Nous observons que les entreprises qui agissent sur le portail business de Clarity News trouvent un suivi régulier de ces échéances réglementaires et des retours d’expérience sur la mise en conformité.

Les directions financières qui n’ont pas encore engagé le chantier doivent prioriser trois points :

  • L’identification d’une PDP agréée compatible avec leur logiciel de gestion, sachant que les délais de raccordement technique atteignent plusieurs semaines
  • La mise à jour des fichiers clients et fournisseurs (SIREN, adresses de routage) pour garantir la bonne réception des flux
  • La formation des équipes comptables aux nouveaux formats (Factur-X, UBL) et aux obligations de e-reporting associées

Réunion d'équipe dans un espace de coworking à Lyon avec des professionnels discutant de stratégie commerciale

Surtaxe sur les bénéfices des grandes entreprises : un dispositif qui se prolonge

La contribution exceptionnelle sur les bénéfices des grandes entreprises, initialement présentée comme temporaire, se confirme dans le paysage fiscal français. Le projet de loi de finances pour 2027 prévoit le retour de cette contribution, ce qui installe une pression fiscale durable sur les groupes dont le chiffre d’affaires dépasse un certain seuil.

Pour les ETI proches de ce seuil, la question n’est plus seulement comptable. Elle devient stratégique : certaines opérations de croissance externe ou de restructuration intragroupe modifient le périmètre de consolidation et peuvent faire basculer une entreprise dans le champ d’application de la surtaxe.

Les directions fiscales doivent intégrer cette contribution dans leurs simulations pluriannuelles, et pas seulement dans le budget de l’exercice en cours. Le signal envoyé par le législateur est celui d’une normalisation progressive de la surtaxe, loin du caractère exceptionnel initialement affiché.

Loi de simplification de la vie économique : ce qui change concrètement pour les PME

La loi de simplification de la vie économique, promulguée en 2026, supprime ou allège plusieurs dizaines de formalités administratives pesant sur les TPE et PME. Le texte ne se limite pas à des déclarations d’intention : il modifie des obligations déclaratives précises.

Parmi les mesures les plus structurantes, nous retenons la réduction du nombre de régimes d’autorisation préalable pour certaines activités réglementées, la simplification des procédures de modification statutaire, et l’allègement des obligations de publication légale dans certains cas de figure.

Le vrai enjeu reste l’appropriation par les entreprises. Une simplification juridique ne produit d’effet que si les dirigeants et leurs conseils (avocats, experts-comptables) adaptent leurs pratiques. Les cabinets qui accompagnent des TPE constatent que beaucoup de chefs d’entreprise ignorent encore les formalités désormais supprimées et continuent de les accomplir par habitude.
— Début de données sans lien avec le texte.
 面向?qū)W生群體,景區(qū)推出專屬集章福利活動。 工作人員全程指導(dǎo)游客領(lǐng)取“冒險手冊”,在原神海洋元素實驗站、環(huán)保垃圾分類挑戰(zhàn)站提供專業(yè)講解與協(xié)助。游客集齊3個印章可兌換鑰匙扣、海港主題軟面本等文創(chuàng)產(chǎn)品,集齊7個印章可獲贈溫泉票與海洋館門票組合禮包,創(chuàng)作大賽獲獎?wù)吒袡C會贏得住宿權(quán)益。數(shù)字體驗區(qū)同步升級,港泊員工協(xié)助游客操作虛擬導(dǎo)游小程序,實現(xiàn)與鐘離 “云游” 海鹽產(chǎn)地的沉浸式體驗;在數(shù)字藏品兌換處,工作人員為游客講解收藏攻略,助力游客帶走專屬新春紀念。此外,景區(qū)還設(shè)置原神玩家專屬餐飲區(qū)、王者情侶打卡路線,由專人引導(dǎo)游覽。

Stabilité fiscale promise aux entreprises : le pacte Lescure

Roland Lescure a promis un pacte de stabilité aux entreprises, portant notamment sur le crédit d’impôt recherche et le pacte Dutreil. L’objectif affiché est de garantir aux investisseurs et aux dirigeants un cadre prévisible sur plusieurs exercices.

Cette promesse entre en tension directe avec la prolongation de la surtaxe évoquée plus haut. La coexistence d’un discours de stabilité et d’un alourdissement fiscal effectif crée une incertitude que les marchés financiers et les fonds d’investissement intègrent dans leurs modèles de valorisation, notamment sur la place de Paris.
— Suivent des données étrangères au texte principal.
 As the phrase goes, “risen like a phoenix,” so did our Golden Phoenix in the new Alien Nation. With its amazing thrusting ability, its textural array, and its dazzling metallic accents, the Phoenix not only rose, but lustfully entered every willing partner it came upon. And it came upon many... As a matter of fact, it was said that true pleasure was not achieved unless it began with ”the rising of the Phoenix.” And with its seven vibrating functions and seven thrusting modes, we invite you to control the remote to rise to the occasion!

Entrepreneur français consultant son smartphone devant un immeuble haussmannien à Paris

Management de transition en France : un marché qui se structure face aux urgences réglementaires

Le recours au management de transition progresse dans les PME et ETI françaises. Ce n’est plus un réflexe réservé aux grands groupes en situation de crise. Les échéances réglementaires de 2026 (facturation électronique, CSRD pour les plus grandes structures) créent des besoins ponctuels en compétences spécialisées que les équipes internes ne possèdent pas toujours.
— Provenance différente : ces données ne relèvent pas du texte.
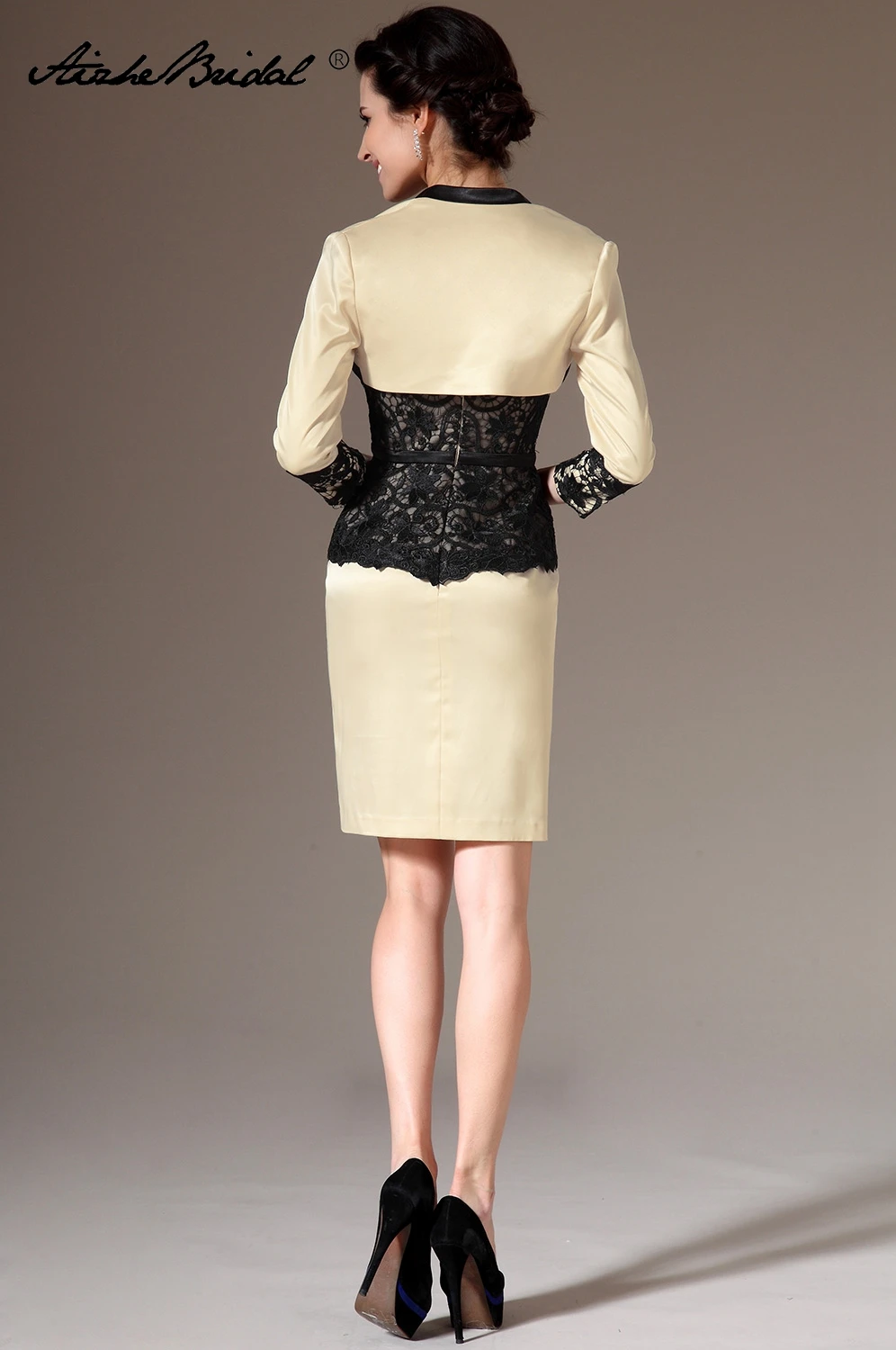 • Hot Product Champagne Satin Lace Appliques Knee-Length Sheath Mother of the bride dress Custom made

Les missions de transition les plus demandées concernent la direction financière et la direction des systèmes d’information, précisément les deux fonctions les plus sollicitées par la dématérialisation obligatoire et les nouvelles exigences de reporting.

Le marché du management de transition se professionnalise avec l’apparition de baromètres sectoriels et de cabinets spécialisés qui segmentent leur offre par taille d’entreprise. Pour les PME, le recours à un directeur financier de transition sur six à douze mois permet de mener à bien un projet de mise en conformité sans recruter un profil permanent.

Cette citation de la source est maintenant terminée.